### Data records

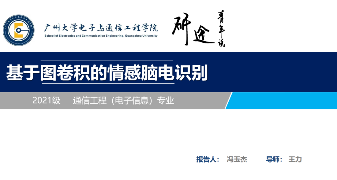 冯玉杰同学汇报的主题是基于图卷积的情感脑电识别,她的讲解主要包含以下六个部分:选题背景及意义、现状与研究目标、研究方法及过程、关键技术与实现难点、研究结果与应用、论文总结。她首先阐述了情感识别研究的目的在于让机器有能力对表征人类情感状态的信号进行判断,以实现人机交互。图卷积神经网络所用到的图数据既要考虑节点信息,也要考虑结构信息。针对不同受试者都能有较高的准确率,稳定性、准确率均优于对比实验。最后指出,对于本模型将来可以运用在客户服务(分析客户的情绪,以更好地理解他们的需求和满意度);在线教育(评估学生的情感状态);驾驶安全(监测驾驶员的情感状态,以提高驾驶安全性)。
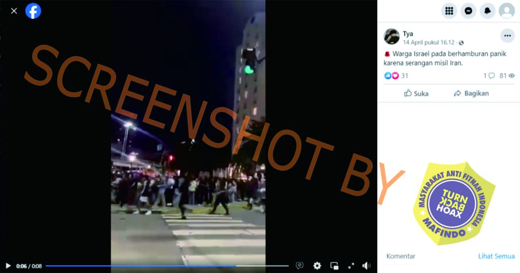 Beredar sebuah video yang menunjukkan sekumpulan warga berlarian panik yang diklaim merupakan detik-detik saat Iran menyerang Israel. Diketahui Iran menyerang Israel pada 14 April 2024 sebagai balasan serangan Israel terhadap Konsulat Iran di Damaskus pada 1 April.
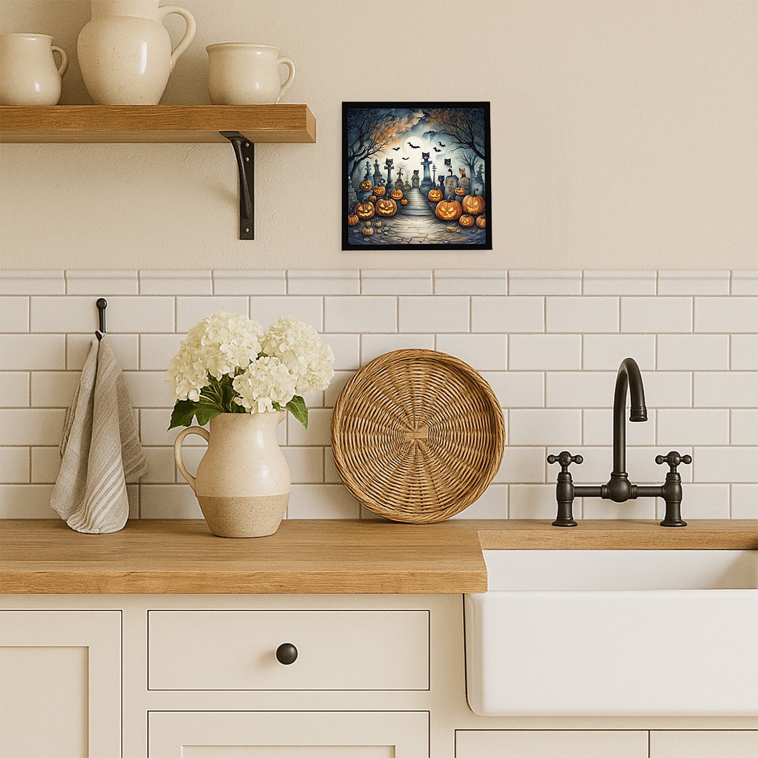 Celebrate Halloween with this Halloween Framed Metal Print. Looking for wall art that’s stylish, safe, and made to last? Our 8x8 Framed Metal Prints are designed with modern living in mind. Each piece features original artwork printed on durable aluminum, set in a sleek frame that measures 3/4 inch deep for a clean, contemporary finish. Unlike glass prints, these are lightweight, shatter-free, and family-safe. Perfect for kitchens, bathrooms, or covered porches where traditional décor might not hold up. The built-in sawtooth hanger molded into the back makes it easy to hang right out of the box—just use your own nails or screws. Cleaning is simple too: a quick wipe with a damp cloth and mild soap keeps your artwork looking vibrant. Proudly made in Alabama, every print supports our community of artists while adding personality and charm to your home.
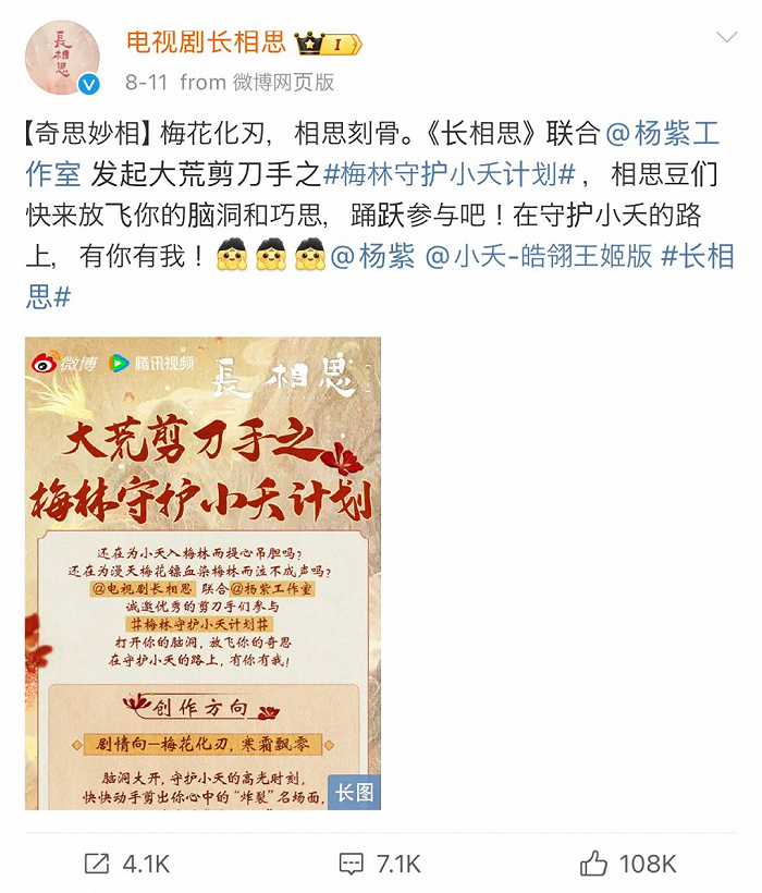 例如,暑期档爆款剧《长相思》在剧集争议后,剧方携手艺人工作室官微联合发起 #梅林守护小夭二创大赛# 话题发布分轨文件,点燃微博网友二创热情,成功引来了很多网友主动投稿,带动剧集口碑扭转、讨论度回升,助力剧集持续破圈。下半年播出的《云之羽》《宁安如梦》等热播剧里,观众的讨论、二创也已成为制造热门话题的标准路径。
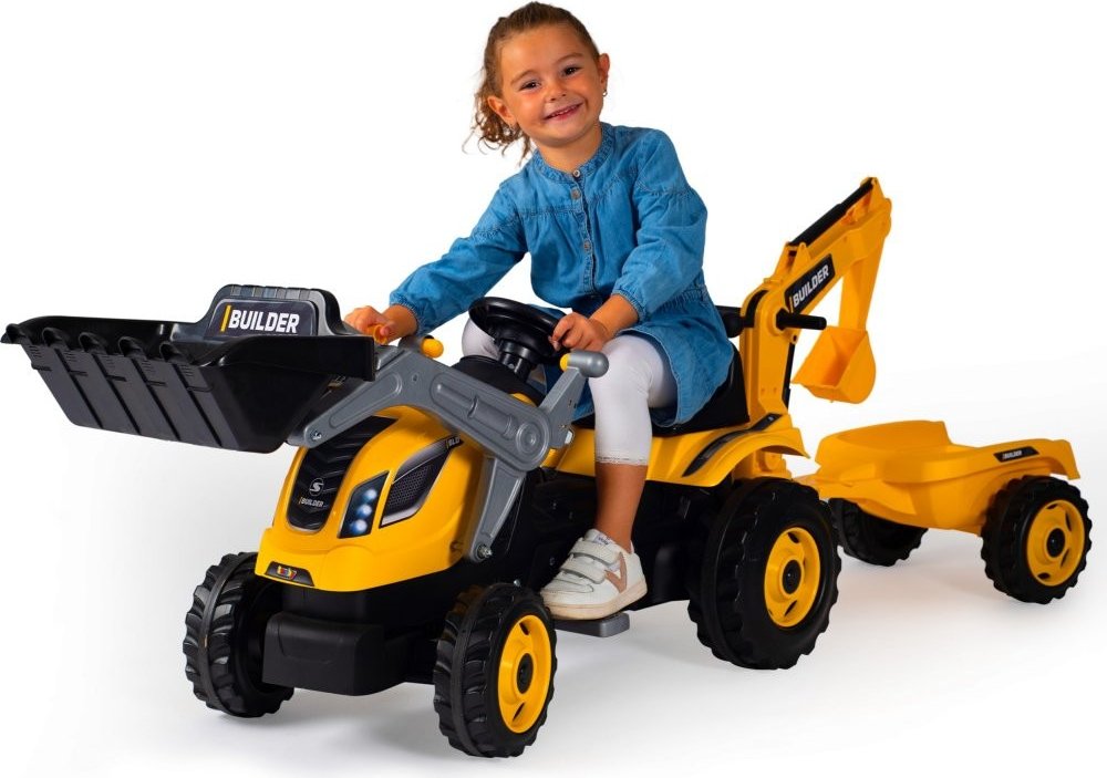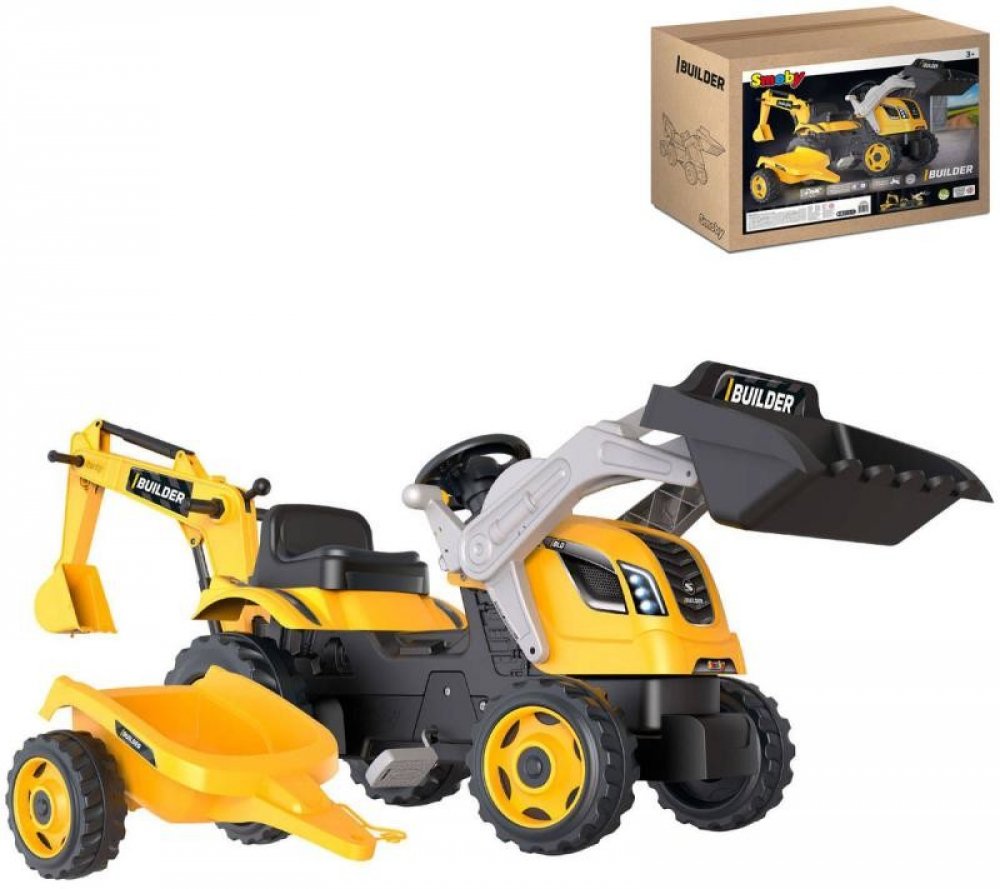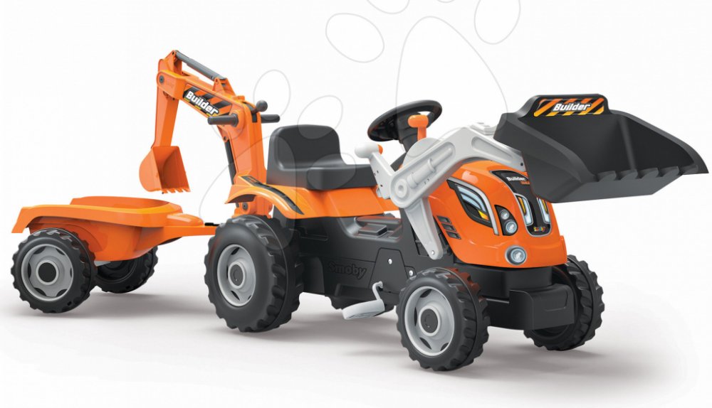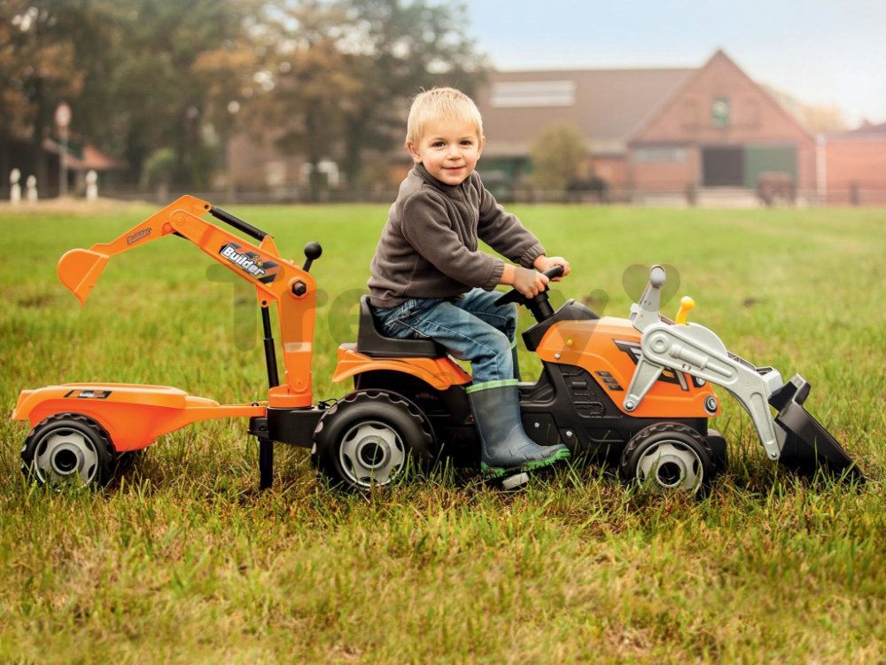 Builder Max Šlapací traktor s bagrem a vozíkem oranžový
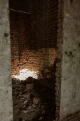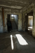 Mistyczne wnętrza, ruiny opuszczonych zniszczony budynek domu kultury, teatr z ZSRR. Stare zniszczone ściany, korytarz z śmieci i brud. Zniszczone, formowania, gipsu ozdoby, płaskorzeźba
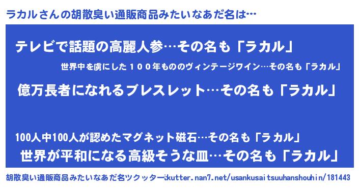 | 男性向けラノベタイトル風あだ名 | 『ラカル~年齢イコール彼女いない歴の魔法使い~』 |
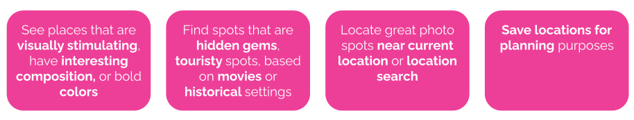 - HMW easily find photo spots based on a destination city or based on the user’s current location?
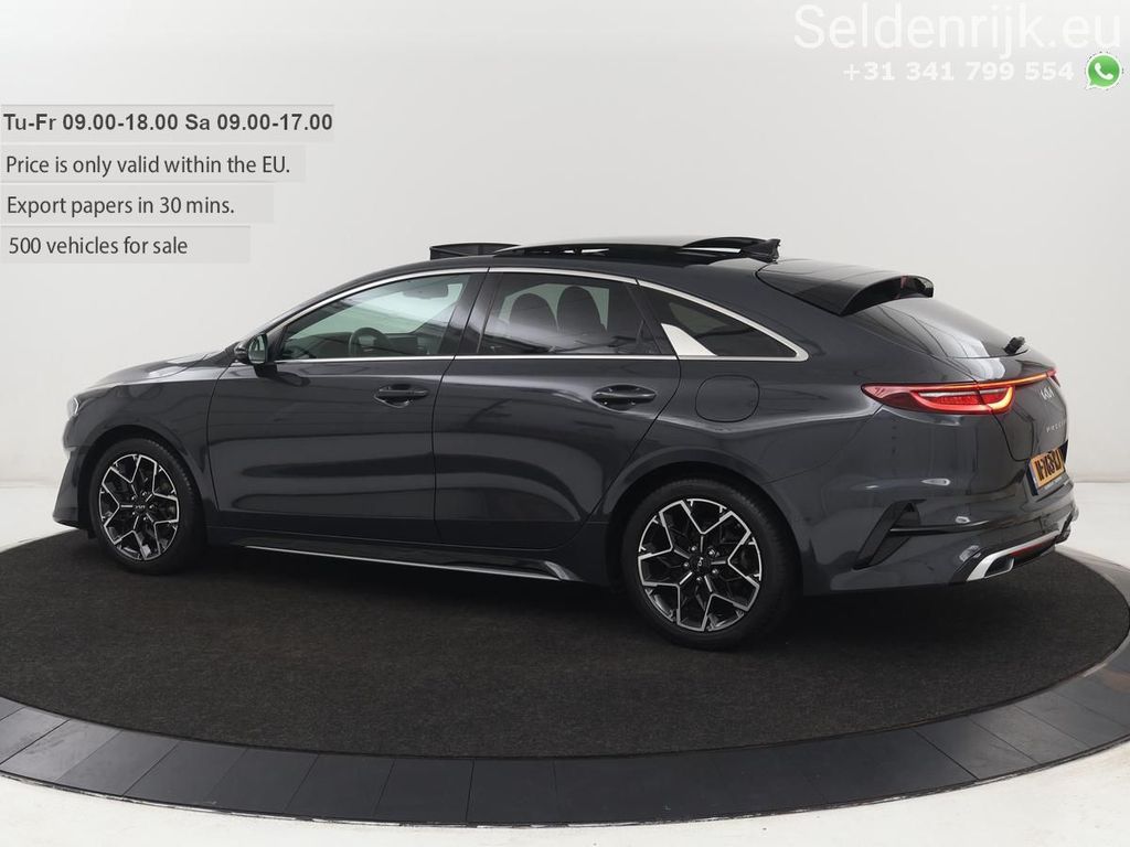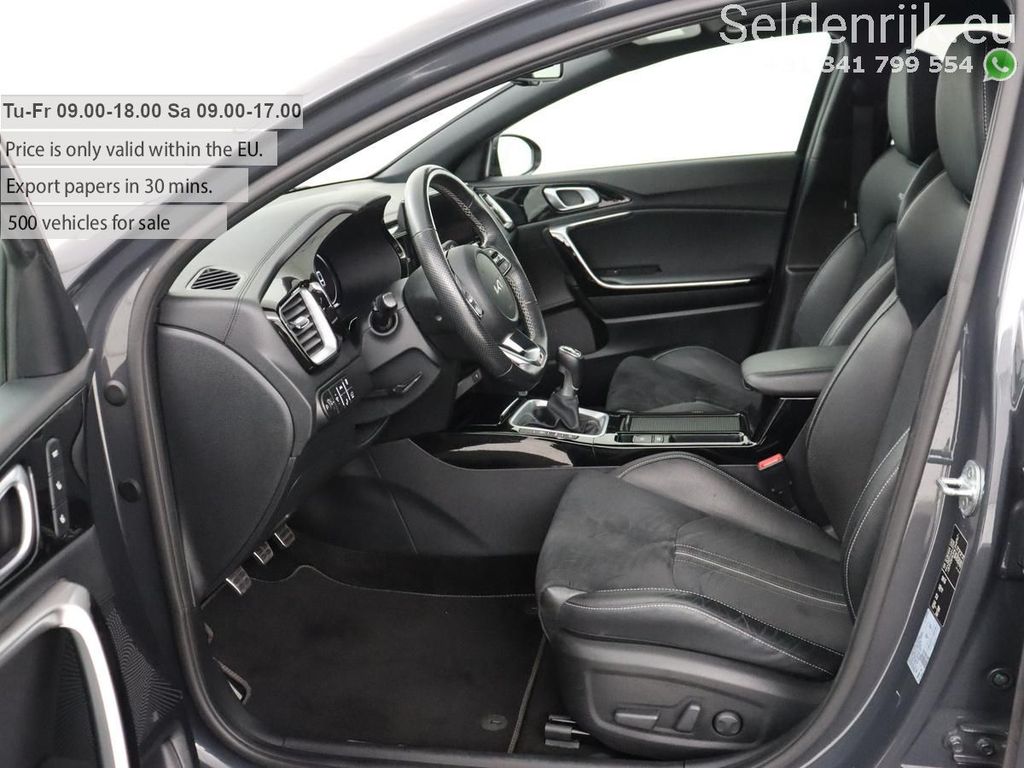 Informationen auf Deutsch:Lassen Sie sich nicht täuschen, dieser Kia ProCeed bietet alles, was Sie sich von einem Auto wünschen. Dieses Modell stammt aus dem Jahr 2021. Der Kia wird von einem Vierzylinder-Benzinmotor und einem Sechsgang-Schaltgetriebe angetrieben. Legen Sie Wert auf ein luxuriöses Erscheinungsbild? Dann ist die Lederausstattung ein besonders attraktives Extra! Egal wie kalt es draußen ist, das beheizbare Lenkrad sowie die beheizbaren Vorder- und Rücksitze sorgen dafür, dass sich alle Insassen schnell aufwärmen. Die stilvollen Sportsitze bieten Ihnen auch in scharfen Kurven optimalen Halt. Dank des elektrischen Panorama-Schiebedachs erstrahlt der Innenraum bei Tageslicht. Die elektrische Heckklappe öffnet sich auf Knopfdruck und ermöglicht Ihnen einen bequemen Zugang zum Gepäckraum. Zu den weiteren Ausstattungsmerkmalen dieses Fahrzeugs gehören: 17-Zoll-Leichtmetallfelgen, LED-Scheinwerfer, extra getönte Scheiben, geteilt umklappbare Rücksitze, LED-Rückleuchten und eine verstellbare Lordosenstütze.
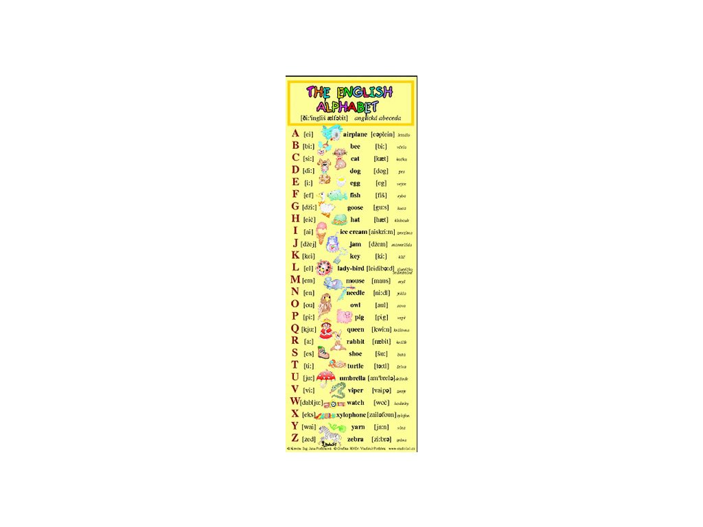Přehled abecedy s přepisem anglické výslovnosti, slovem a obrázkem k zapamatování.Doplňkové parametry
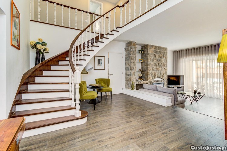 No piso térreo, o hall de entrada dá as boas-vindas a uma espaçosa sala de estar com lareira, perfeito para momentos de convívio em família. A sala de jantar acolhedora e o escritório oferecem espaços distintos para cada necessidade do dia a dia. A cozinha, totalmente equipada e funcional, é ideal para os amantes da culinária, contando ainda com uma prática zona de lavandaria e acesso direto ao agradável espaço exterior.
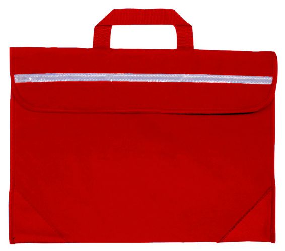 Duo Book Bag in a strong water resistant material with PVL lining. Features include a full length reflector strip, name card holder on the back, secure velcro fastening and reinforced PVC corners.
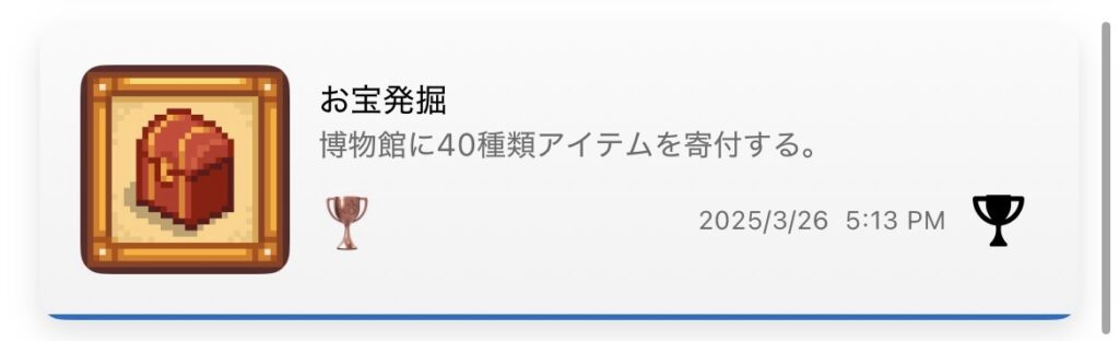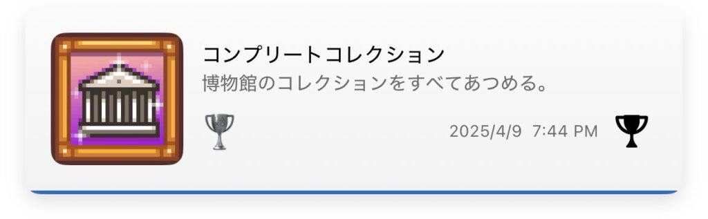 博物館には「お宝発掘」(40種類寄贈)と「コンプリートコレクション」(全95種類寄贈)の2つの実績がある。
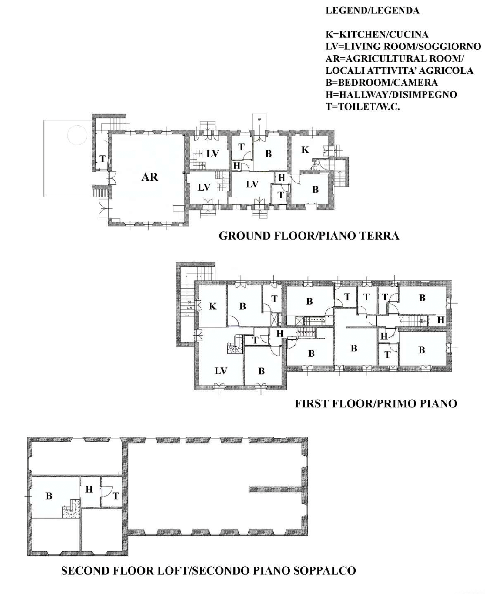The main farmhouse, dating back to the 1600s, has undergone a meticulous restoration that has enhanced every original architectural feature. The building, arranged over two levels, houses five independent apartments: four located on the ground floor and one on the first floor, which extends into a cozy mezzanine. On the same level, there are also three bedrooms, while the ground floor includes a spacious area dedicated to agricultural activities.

### Task directions
Skip every image and output the remaining records exactly.

### Solution for this exercise
 冯玉杰同学汇报的主题是基于图卷积的情感脑电识别,她的讲解主要包含以下六个部分:选题背景及意义、现状与研究目标、研究方法及过程、关键技术与实现难点、研究结果与应用、论文总结。她首先阐述了情感识别研究的目的在于让机器有能力对表征人类情感状态的信号进行判断,以实现人机交互。图卷积神经网络所用到的图数据既要考虑节点信息,也要考虑结构信息。针对不同受试者都能有较高的准确率,稳定性、准确率均优于对比实验。最后指出,对于本模型将来可以运用在客户服务(分析客户的情绪,以更好地理解他们的需求和满意度);在线教育(评估学生的情感状态);驾驶安全(监测驾驶员的情感状态,以提高驾驶安全性)。
 Beredar sebuah video yang menunjukkan sekumpulan warga berlarian panik yang diklaim merupakan detik-detik saat Iran menyerang Israel. Diketahui Iran menyerang Israel pada 14 April 2024 sebagai balasan serangan Israel terhadap Konsulat Iran di Damaskus pada 1 April.
 Celebrate Halloween with this Halloween Framed Metal Print. Looking for wall art that’s stylish, safe, and made to last? Our 8x8 Framed Metal Prints are designed with modern living in mind. Each piece features original artwork printed on durable aluminum, set in a sleek frame that measures 3/4 inch deep for a clean, contemporary finish. Unlike glass prints, these are lightweight, shatter-free, and family-safe. Perfect for kitchens, bathrooms, or covered porches where traditional décor might not hold up. The built-in sawtooth hanger molded into the back makes it easy to hang right out of the box—just use your own nails or screws. Cleaning is simple too: a quick wipe with a damp cloth and mild soap keeps your artwork looking vibrant. Proudly made in Alabama, every print supports our community of artists while adding personality and charm to your home.
 例如,暑期档爆款剧《长相思》在剧集争议后,剧方携手艺人工作室官微联合发起 #梅林守护小夭二创大赛# 话题发布分轨文件,点燃微博网友二创热情,成功引来了很多网友主动投稿,带动剧集口碑扭转、讨论度回升,助力剧集持续破圈。下半年播出的《云之羽》《宁安如梦》等热播剧里,观众的讨论、二创也已成为制造热门话题的标准路径。
 Builder Max Šlapací traktor s bagrem a vozíkem oranžový
 Mistyczne wnętrza, ruiny opuszczonych zniszczony budynek domu kultury, teatr z ZSRR. Stare zniszczone ściany, korytarz z śmieci i brud. Zniszczone, formowania, gipsu ozdoby, płaskorzeźba
 | 男性向けラノベタイトル風あだ名 | 『ラカル~年齢イコール彼女いない歴の魔法使い~』 |
 - HMW easily find photo spots based on a destination city or based on the user’s current location?
 Informationen auf Deutsch:Lassen Sie sich nicht täuschen, dieser Kia ProCeed bietet alles, was Sie sich von einem Auto wünschen. Dieses Modell stammt aus dem Jahr 2021. Der Kia wird von einem Vierzylinder-Benzinmotor und einem Sechsgang-Schaltgetriebe angetrieben. Legen Sie Wert auf ein luxuriöses Erscheinungsbild? Dann ist die Lederausstattung ein besonders attraktives Extra! Egal wie kalt es draußen ist, das beheizbare Lenkrad sowie die beheizbaren Vorder- und Rücksitze sorgen dafür, dass sich alle Insassen schnell aufwärmen. Die stilvollen Sportsitze bieten Ihnen auch in scharfen Kurven optimalen Halt. Dank des elektrischen Panorama-Schiebedachs erstrahlt der Innenraum bei Tageslicht. Die elektrische Heckklappe öffnet sich auf Knopfdruck und ermöglicht Ihnen einen bequemen Zugang zum Gepäckraum. Zu den weiteren Ausstattungsmerkmalen dieses Fahrzeugs gehören: 17-Zoll-Leichtmetallfelgen, LED-Scheinwerfer, extra getönte Scheiben, geteilt umklappbare Rücksitze, LED-Rückleuchten und eine verstellbare Lordosenstütze.
Přehled abecedy s přepisem anglické výslovnosti, slovem a obrázkem k zapamatování.Doplňkové parametry
 No piso térreo, o hall de entrada dá as boas-vindas a uma espaçosa sala de estar com lareira, perfeito para momentos de convívio em família. A sala de jantar acolhedora e o escritório oferecem espaços distintos para cada necessidade do dia a dia. A cozinha, totalmente equipada e funcional, é ideal para os amantes da culinária, contando ainda com uma prática zona de lavandaria e acesso direto ao agradável espaço exterior.
 Duo Book Bag in a strong water resistant material with PVL lining. Features include a full length reflector strip, name card holder on the back, secure velcro fastening and reinforced PVC corners.
 博物館には「お宝発掘」(40種類寄贈)と「コンプリートコレクション」(全95種類寄贈)の2つの実績がある。
The main farmhouse, dating back to the 1600s, has undergone a meticulous restoration that has enhanced every original architectural feature. The building, arranged over two levels, houses five independent apartments: four located on the ground floor and one on the first floor, which extends into a cozy mezzanine. On the same level, there are also three bedrooms, while the ground floor includes a spacious area dedicated to agricultural activities.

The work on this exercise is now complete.